Chip-Specific Data

1. Allocating via snd_card_new().
2. Allocating an extra device.

Chip-specific information, e.g. the I/O port address, its resource pointer, or the irq number, is stored in the chip-specific record.


  struct mychip {
          ....
  };

          

In general, there are two ways of allocating the chip record.

1. Allocating via snd_card_new().

As mentioned above, you can pass the extra-data-length to the 5th argument of snd_card_new(), i.e.


  err = snd_card_new(&pci->dev, index[dev], id[dev], THIS_MODULE,
                     sizeof(struct mychip), &card);

            

struct mychip is the type of the chip record.

In return, the allocated record can be accessed as


  struct mychip *chip = card->private_data;

            

With this method, you don't have to allocate twice. The record is released together with the card instance.

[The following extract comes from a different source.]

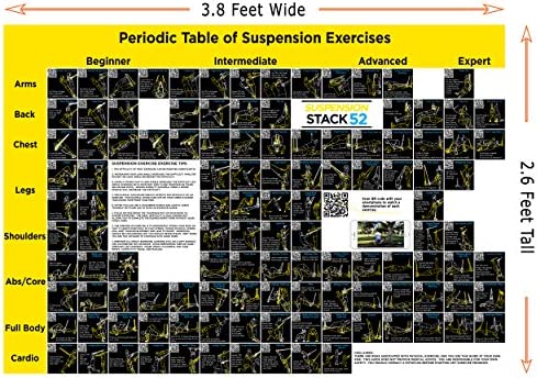 MASSIVE: The Periodic Table of Suspension Exercises is 45 x 31 inches. It contains 118 different exercises for the TRX arranged horizontally by difficulty and vertically by the muscle group worked.

2. Allocating an extra device.

After allocating a card instance via snd_card_new() (with 0 on the 4th arg), call kzalloc().


  struct snd_card *card;
  struct mychip *chip;
  err = snd_card_new(&pci->dev, index[dev], id[dev], THIS_MODULE,
                     0, &card);
  .....
  chip = kzalloc(sizeof(*chip), GFP_KERNEL);

            

The chip record should have the field to hold the card pointer at least,


  struct mychip {
          struct snd_card *card;
          ....
  };

            

Then, set the card pointer in the returned chip instance.


  chip->card = card;

            

Next, initialize the fields, and register this chip record as a low-level device with a specified ops,


  static struct snd_device_ops ops = {
          .dev_free =        snd_mychip_dev_free,
  };
  ....
  snd_device_new(card, SNDRV_DEV_LOWLEVEL, chip, &ops);

            

snd_mychip_dev_free() is the device-destructor function, which will call the real destructor.


  static int snd_mychip_dev_free(struct snd_device *device)
  {
          return snd_mychip_free(device->device_data);
  }

            

where snd_mychip_free() is the real destructor.